Task requirements: No pictures, nothing altered: return the data below.

Dataset excerpt:
□ □ □

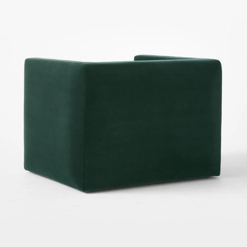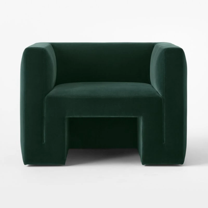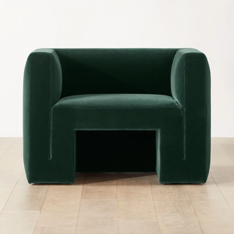 Simple yet bold lounge chair by Mermelada Estudio has an architecturally inspired aesthetic. Designed to look like a single piece that’s folded and manipulated, its rigid silhouette contrasts nicely with plush deep teal velvet upholstery. CB2 exclusive.
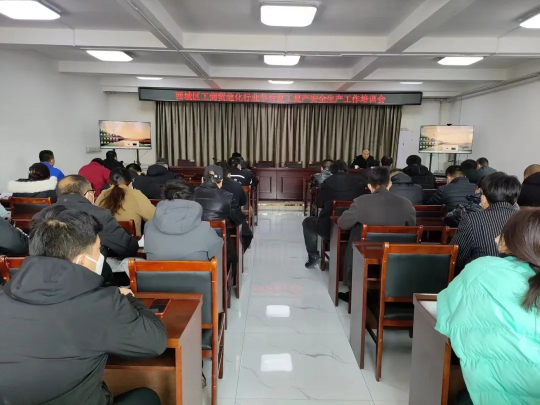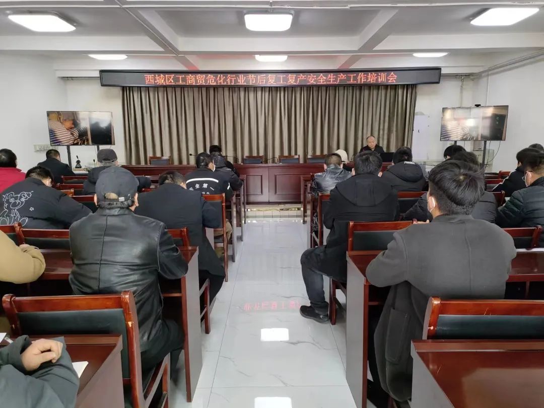 2月8日上午,西城区组织工矿商贸危化行业企业负责人及安全管理人员召开安全生产专题培训会暨节后复工复产安全生产工作培训会。会议由武装部长杨茂同志主持,市应急局谷彦会队长受邀参加,街道应急办全体人员,辖区内各企业负责人、安全管理人员共计80余人参加了此次培训。
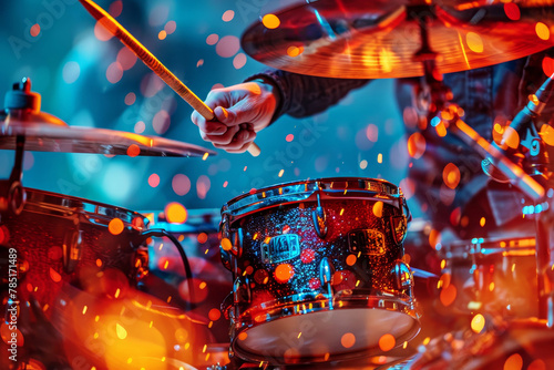 Dynamic drummer in action playing drums with a stick mid-strike in vibrant concert lighting

□ □ □

Task output:
 Simple yet bold lounge chair by Mermelada Estudio has an architecturally inspired aesthetic. Designed to look like a single piece that’s folded and manipulated, its rigid silhouette contrasts nicely with plush deep teal velvet upholstery. CB2 exclusive.
 2月8日上午,西城区组织工矿商贸危化行业企业负责人及安全管理人员召开安全生产专题培训会暨节后复工复产安全生产工作培训会。会议由武装部长杨茂同志主持,市应急局谷彦会队长受邀参加,街道应急办全体人员,辖区内各企业负责人、安全管理人员共计80余人参加了此次培训。
 Dynamic drummer in action playing drums with a stick mid-strike in vibrant concert lighting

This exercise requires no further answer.